**What the exercise asks**. With pictures removed, output every record below exactly as written.

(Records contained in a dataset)

= = = = =

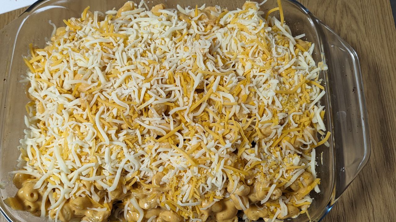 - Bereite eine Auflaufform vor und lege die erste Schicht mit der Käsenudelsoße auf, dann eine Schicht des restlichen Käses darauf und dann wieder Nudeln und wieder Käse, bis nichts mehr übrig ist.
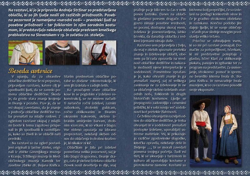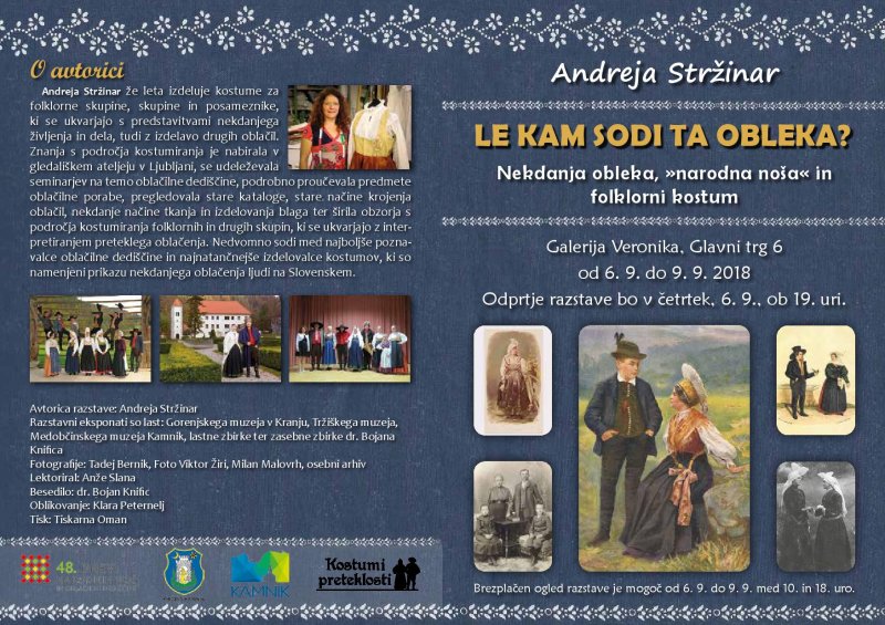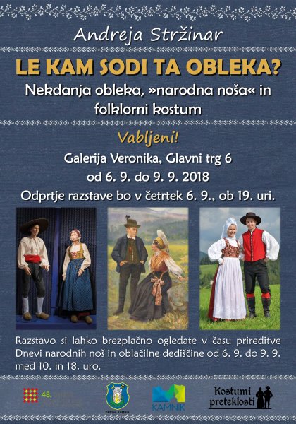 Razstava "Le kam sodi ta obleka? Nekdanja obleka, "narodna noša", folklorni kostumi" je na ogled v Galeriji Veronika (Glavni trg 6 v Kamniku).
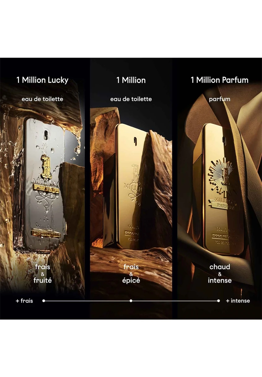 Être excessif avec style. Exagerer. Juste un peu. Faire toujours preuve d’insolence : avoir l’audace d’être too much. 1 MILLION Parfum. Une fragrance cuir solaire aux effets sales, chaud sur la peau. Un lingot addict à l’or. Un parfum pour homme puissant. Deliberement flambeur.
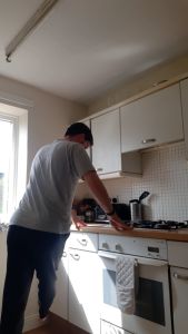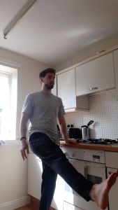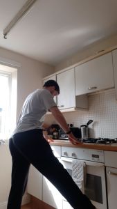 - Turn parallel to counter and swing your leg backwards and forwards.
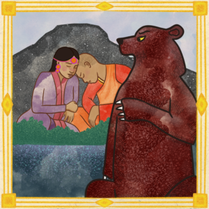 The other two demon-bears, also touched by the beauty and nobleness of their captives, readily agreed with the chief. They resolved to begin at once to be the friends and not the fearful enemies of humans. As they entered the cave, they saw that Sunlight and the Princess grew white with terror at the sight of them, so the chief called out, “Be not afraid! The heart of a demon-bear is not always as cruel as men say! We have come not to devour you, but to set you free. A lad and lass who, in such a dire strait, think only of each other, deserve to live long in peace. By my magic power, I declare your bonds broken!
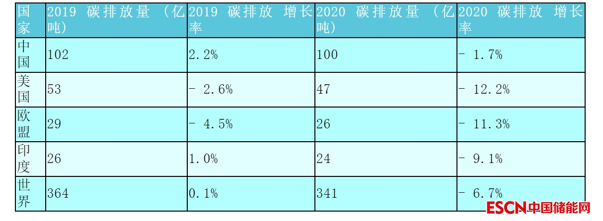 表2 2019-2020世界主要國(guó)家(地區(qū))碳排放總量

= = = = =

**Problem solution**.
 - Bereite eine Auflaufform vor und lege die erste Schicht mit der Käsenudelsoße auf, dann eine Schicht des restlichen Käses darauf und dann wieder Nudeln und wieder Käse, bis nichts mehr übrig ist.
 Razstava "Le kam sodi ta obleka? Nekdanja obleka, "narodna noša", folklorni kostumi" je na ogled v Galeriji Veronika (Glavni trg 6 v Kamniku).
 Être excessif avec style. Exagerer. Juste un peu. Faire toujours preuve d’insolence : avoir l’audace d’être too much. 1 MILLION Parfum. Une fragrance cuir solaire aux effets sales, chaud sur la peau. Un lingot addict à l’or. Un parfum pour homme puissant. Deliberement flambeur.
 - Turn parallel to counter and swing your leg backwards and forwards.
 The other two demon-bears, also touched by the beauty and nobleness of their captives, readily agreed with the chief. They resolved to begin at once to be the friends and not the fearful enemies of humans. As they entered the cave, they saw that Sunlight and the Princess grew white with terror at the sight of them, so the chief called out, “Be not afraid! The heart of a demon-bear is not always as cruel as men say! We have come not to devour you, but to set you free. A lad and lass who, in such a dire strait, think only of each other, deserve to live long in peace. By my magic power, I declare your bonds broken!
 表2 2019-2020世界主要國(guó)家(地區(qū))碳排放總量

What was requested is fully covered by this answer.